◆ What the exercise asks ◆
After finding the line with "This bowl is" in the data below, set down exactly each line through the one with "Färg: beigevit botten, tryck i klara färger", inclusive, and stop there.

◆ Entries shown ◆
──────────

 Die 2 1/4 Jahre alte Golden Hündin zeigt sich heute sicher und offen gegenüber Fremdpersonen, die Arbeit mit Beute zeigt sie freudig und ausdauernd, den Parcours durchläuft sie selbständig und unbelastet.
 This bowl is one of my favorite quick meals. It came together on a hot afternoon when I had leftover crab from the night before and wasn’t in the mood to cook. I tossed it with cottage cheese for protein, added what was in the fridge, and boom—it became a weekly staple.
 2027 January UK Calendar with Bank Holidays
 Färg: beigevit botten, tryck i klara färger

──────────

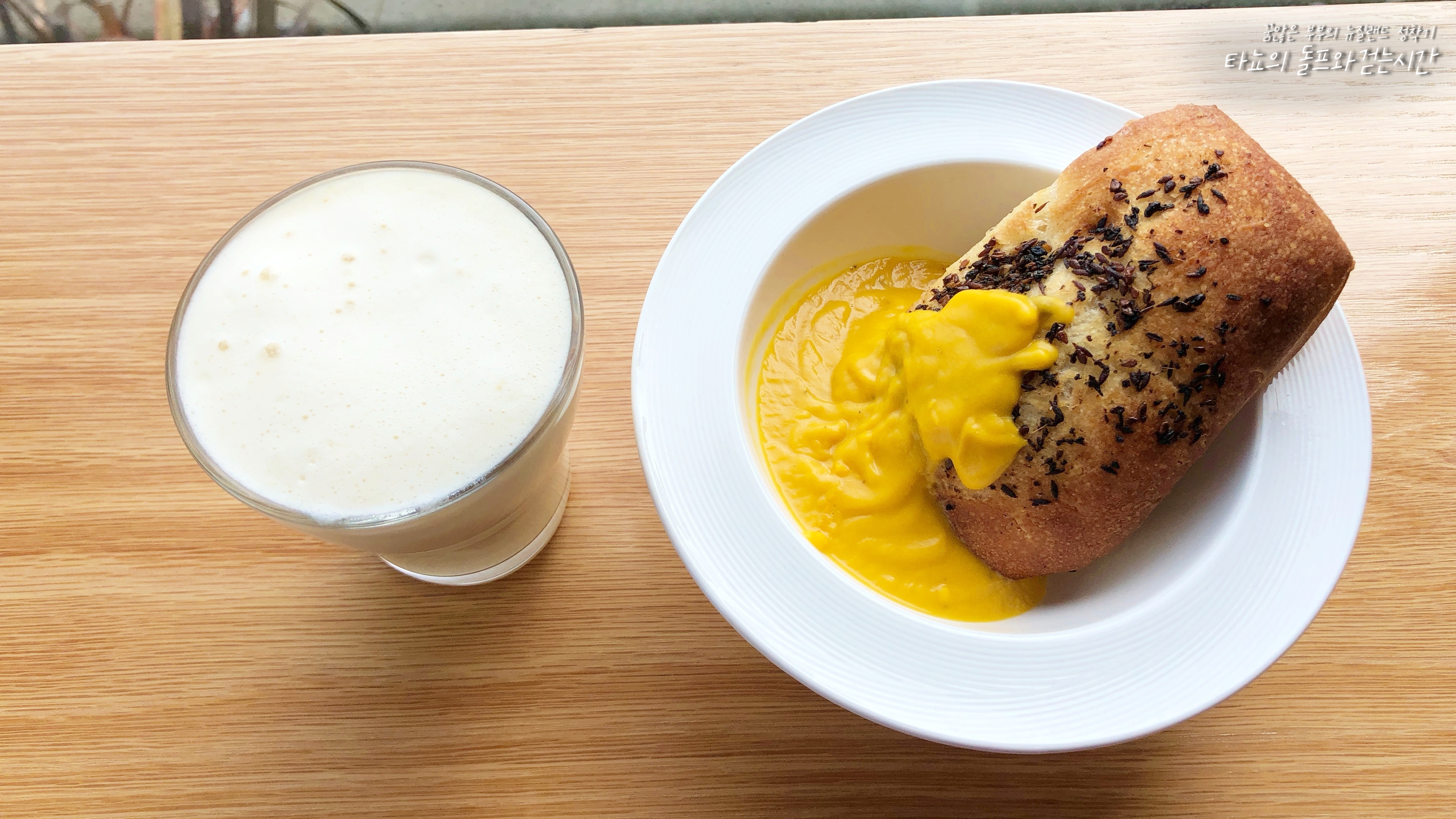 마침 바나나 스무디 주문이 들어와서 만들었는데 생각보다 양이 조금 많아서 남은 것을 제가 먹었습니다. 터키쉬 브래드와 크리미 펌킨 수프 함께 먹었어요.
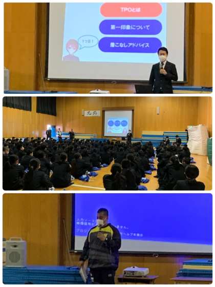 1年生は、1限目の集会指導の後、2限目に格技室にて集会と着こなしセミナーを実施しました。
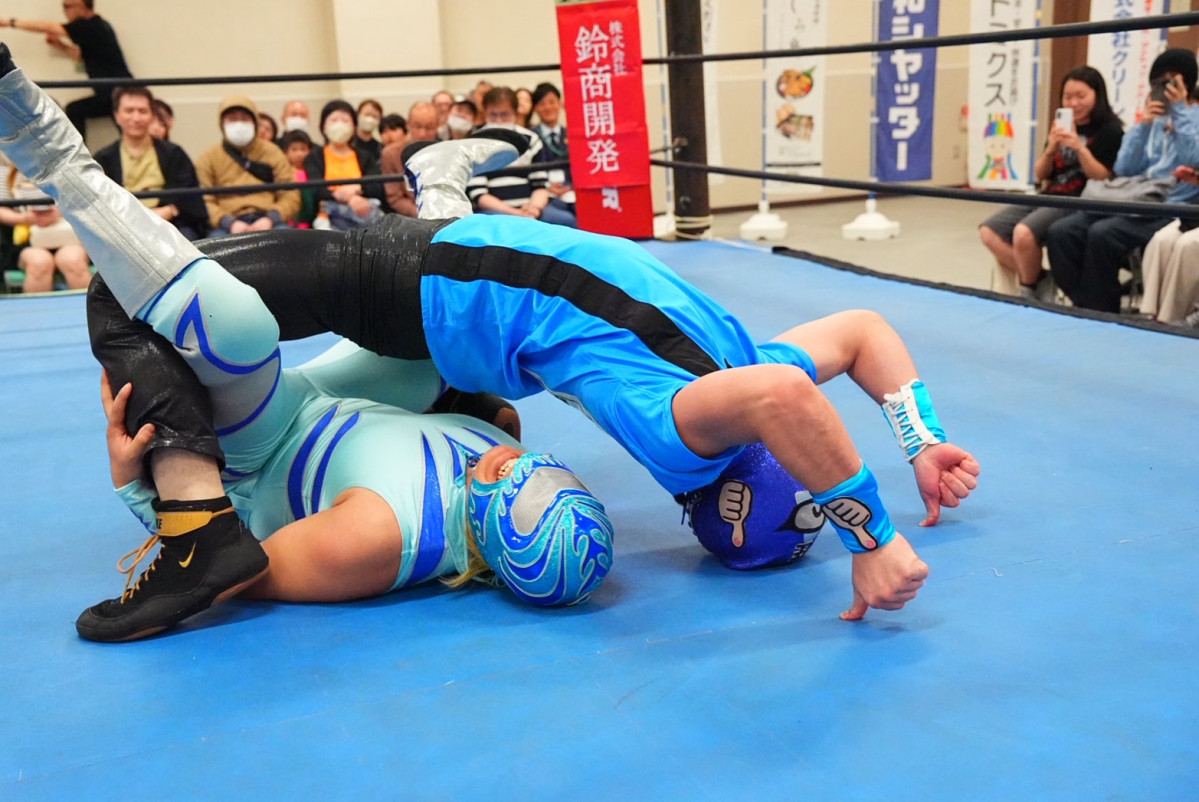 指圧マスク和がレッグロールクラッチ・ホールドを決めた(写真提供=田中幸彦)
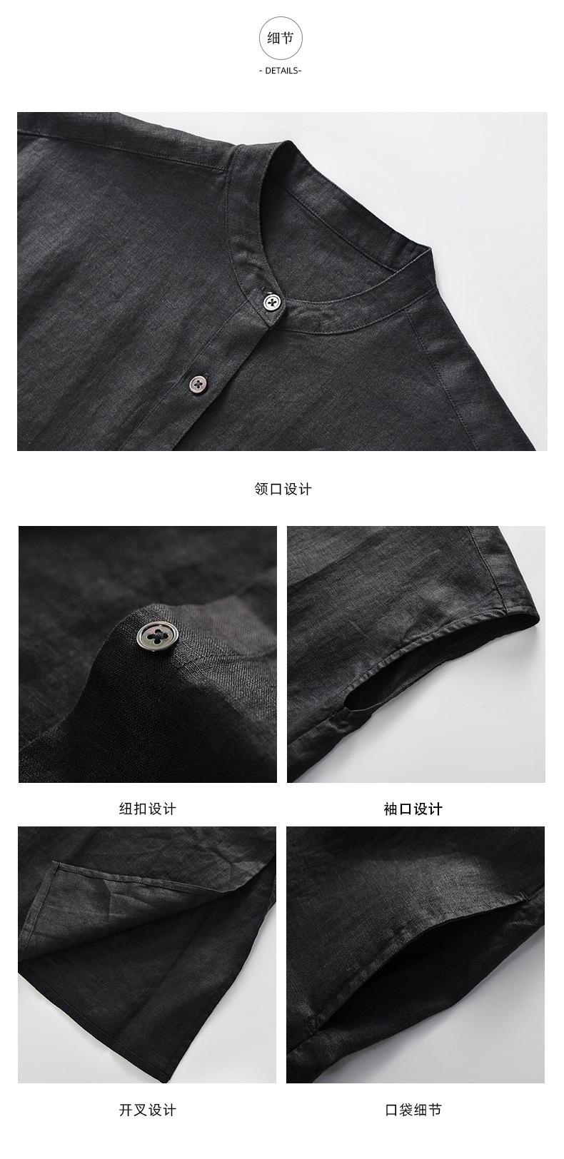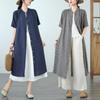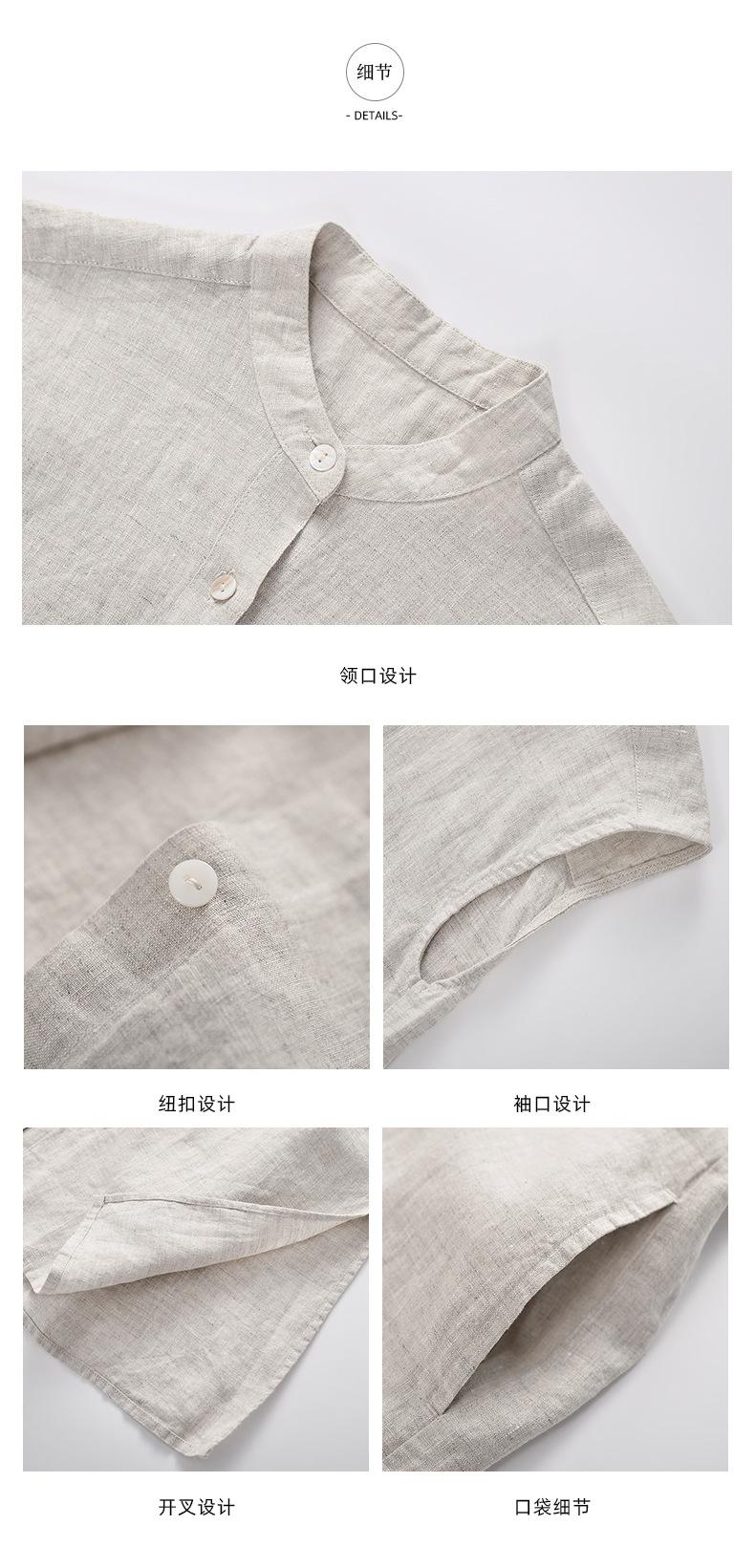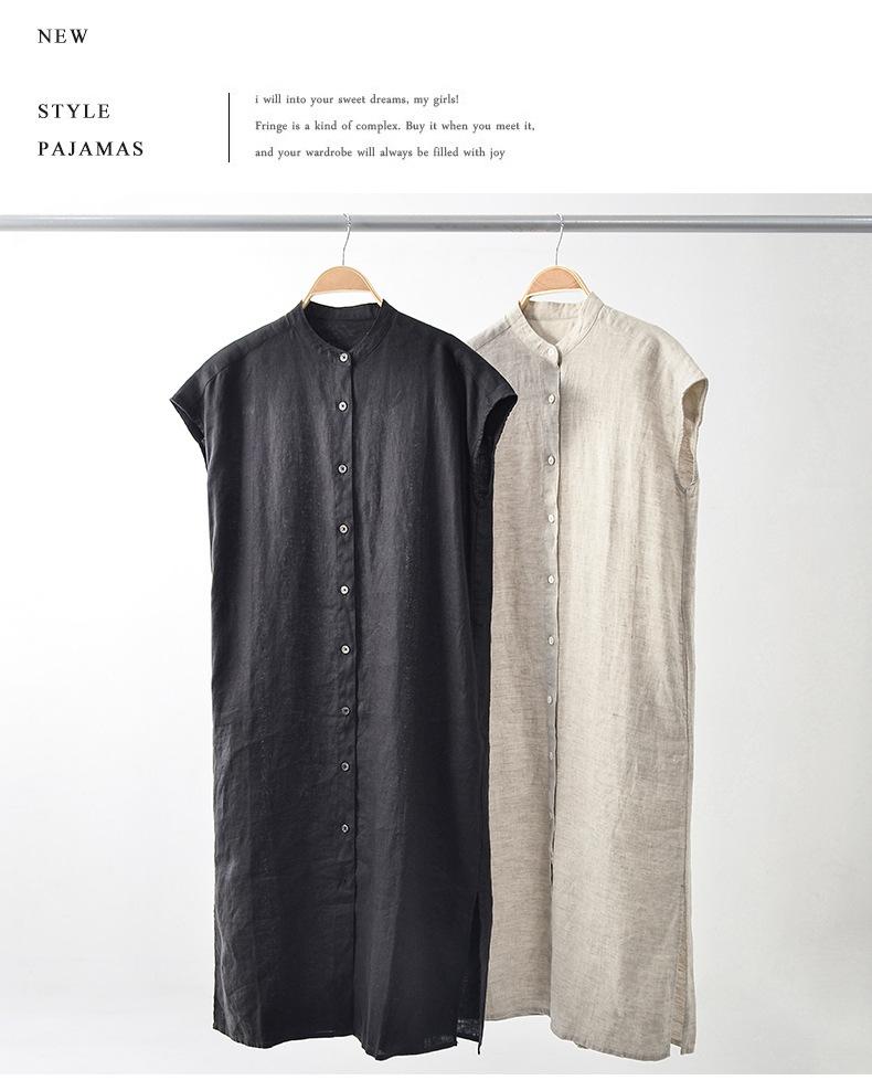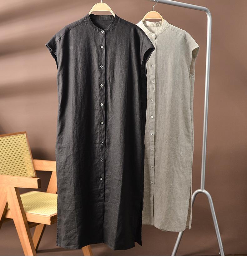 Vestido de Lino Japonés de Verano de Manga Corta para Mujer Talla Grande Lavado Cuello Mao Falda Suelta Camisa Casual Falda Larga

──────────

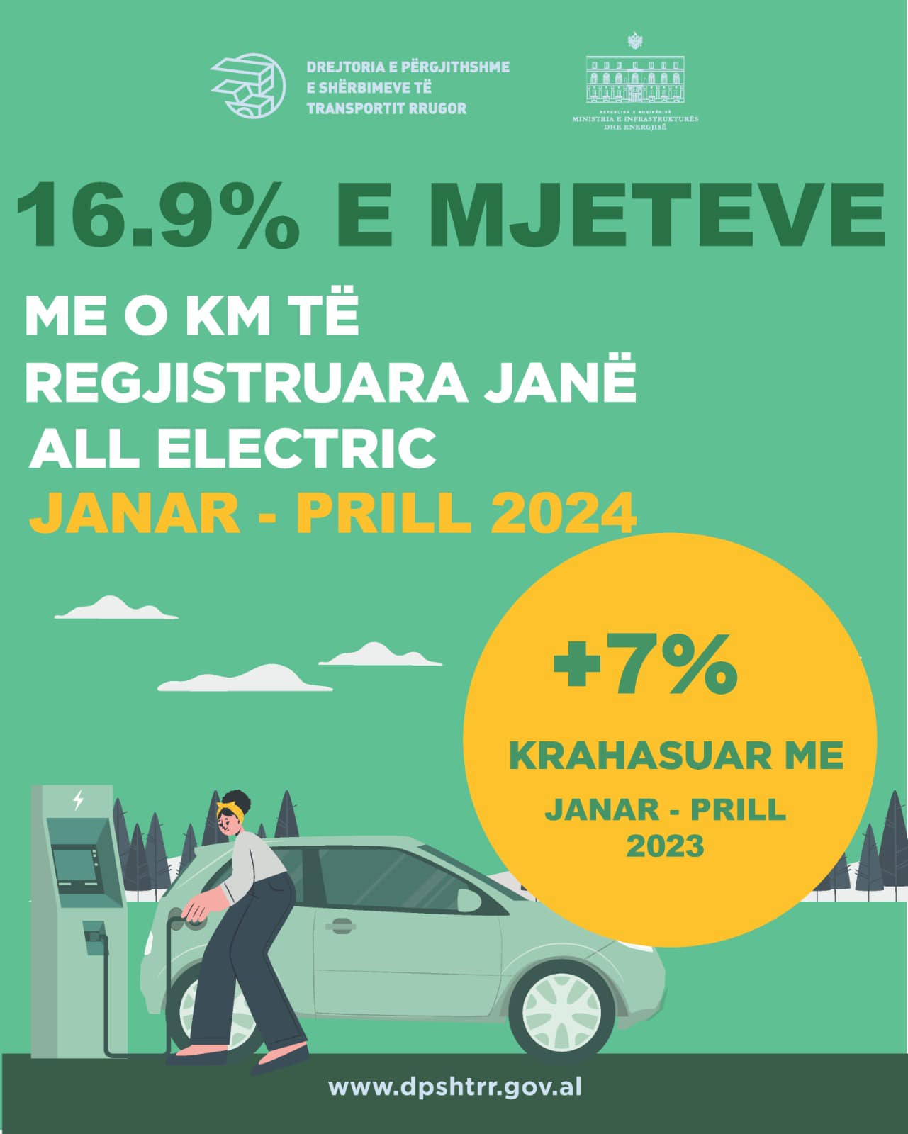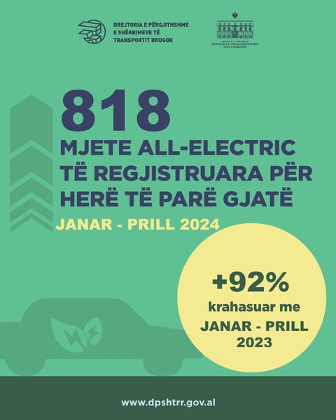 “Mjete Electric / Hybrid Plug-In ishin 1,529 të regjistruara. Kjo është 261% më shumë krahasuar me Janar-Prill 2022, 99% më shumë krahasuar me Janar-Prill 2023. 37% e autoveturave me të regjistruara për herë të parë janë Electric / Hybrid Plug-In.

──────────

◆ Response to this task ◆
 This bowl is one of my favorite quick meals. It came together on a hot afternoon when I had leftover crab from the night before and wasn’t in the mood to cook. I tossed it with cottage cheese for protein, added what was in the fridge, and boom—it became a weekly staple.
 2027 January UK Calendar with Bank Holidays
 Färg: beigevit botten, tryck i klara färger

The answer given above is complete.